Ad Familiares 16.1
Ad Familiares 16.1
Headnote
Cicero to Marcus Tullius Tiro, written at sea on the third day before the Nones of November 50 BC — 3 November — between Patrae and Alyzia. Tiro, Cicero’s freedman secretary, had fallen ill at Patrae; Cicero, pressed to reach Rome and the unresolved business of his triumph, sailed on without him, and from the voyage back across the Ionian Sea sends this — the first of the “Tiro left ill at Patrae” cluster — along with the slave Marion to bring word.

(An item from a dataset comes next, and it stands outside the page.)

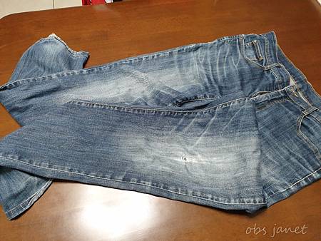 OJS有一件牛仔褲穿到磨損嚴重,女兒也有一件褲底破幾康的牛仔褲,勤儉持家的OBS想了想,在網路上參考牛仔褲改造包高手的作品後,決定把褲剪了做個牛仔布托特包。

The salutation is unusual: Tullius Tironi suo s. p. d. et Cicero meus et frater et fratris f. — “Tullius to his Tiro, warm greetings, and my Cicero too, and my brother, and my brother’s son” — the whole travelling household putting its name to the letter, as if to reinforce by sheer family weight that Tiro is missed. The body is fatherly anxiety in three short movements: permission to stay (approbavi tuum consilium), the careful offer of a route to catch up (Marion has been dispatched to ferry him onward if he is fit, or come back alone if not), and the close that resolves the apparent contradiction — amor ut valentem videamus hortatur, desiderium ut quam primum; illud igitur potius: love wants him well, longing wants him quickly, and love wins. The whole cluster is the personal correspondence of the corpus at its most exposed.